Walabuma deposits Br 550 a year for 10 years into his account that pays 8% compounded annually. After 10 years, Walabuma transfers the money into another account that pays 10% compounded quarterly. The money is left in the second account for 8 years.

To solve this problem, we need to calculate the future value of the initial deposit in the first account after 10 years, and then calculate the future value of that amount after another 8 years in the second account.

For the first account, we'll use the formula for compound interest:
A = P * (1 + r/n)^(nt)
where A is the future value, P is the principal amount, r is the annual interest rate in decimal form, n is the number of times the interest is compounded per year, and t is the number of years.

Using the given values:
P = 550 (the annual deposit)
r = 8% = 0.08 (the annual interest rate in decimal form)
n = 1 (compounded annually)
t = 10 (number of years)

Calculating the future value in the first account after 10 years:
A = 550 * (1 + 0.08/1)^(1*10)
A = 550 * (1 + 0.08)^10
A = 550 * (1.08)^10
A = 550 * 2.158927
A ≈ 1187.91

So, after 10 years, the amount in the first account would be approximately Br 1187.91.

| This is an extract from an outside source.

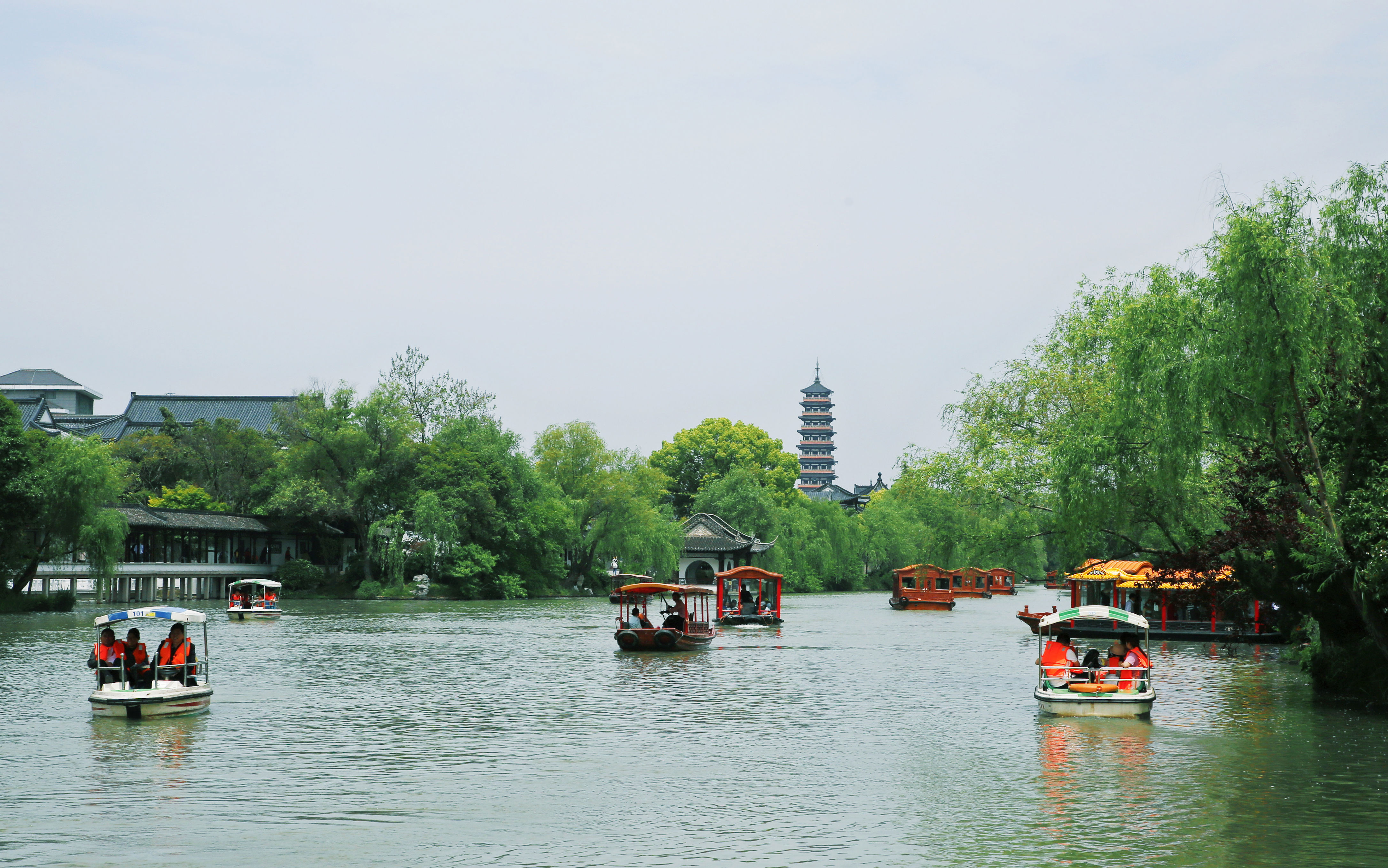 到扬州瘦西湖,乘坐一艘花房,穿梭在云水间。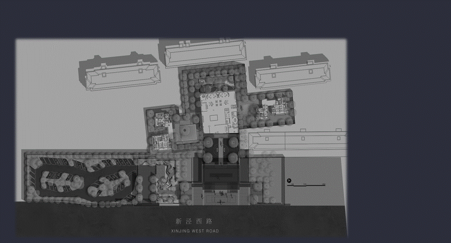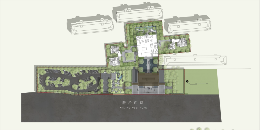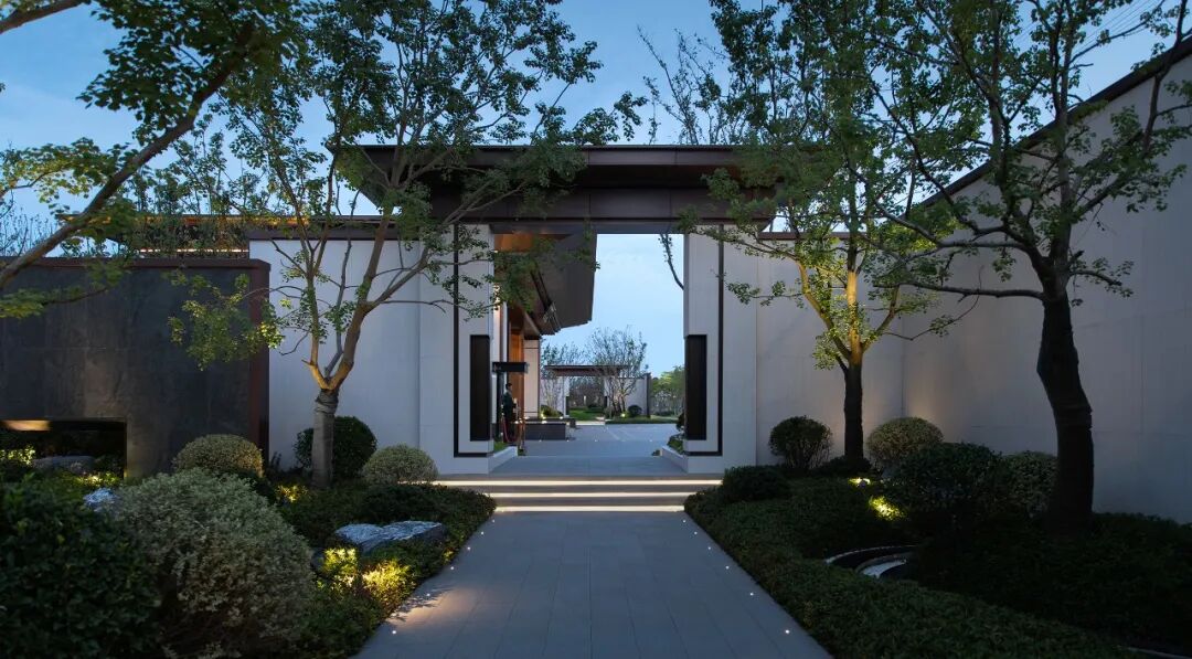 景观设计取意北方王府的经典格局和江南院落的自然灵动。整体空间由前后两部分组成, 前面是富丽堂皇的府邸,后面是幽深秀丽的花园。

Now, we need to calculate the future value of that amount in the second account after 8 years using the same formula:
P = 1187.91 (the amount transferred from the first account)
r = 10% = 0.10 (the annual interest rate in decimal form)
n = 4 (compounded quarterly)
t = 8 (number of years)

Calculating the future value in the second account after 8 years:
A = 1187.91 * (1 + 0.10/4)^(4*8)
A = 1187.91 * (1 + 0.025)^32
A = 1187.91 * (1.025)^32
A ≈ 1187.91 * 2.198218
A ≈ 2613.96

So, after 8 years in the second account, the amount would be approximately Br 2613.96.

Therefore, after 10 years in the first account and another 8 years in the second account, Walabuma would have approximately Br 2613.96.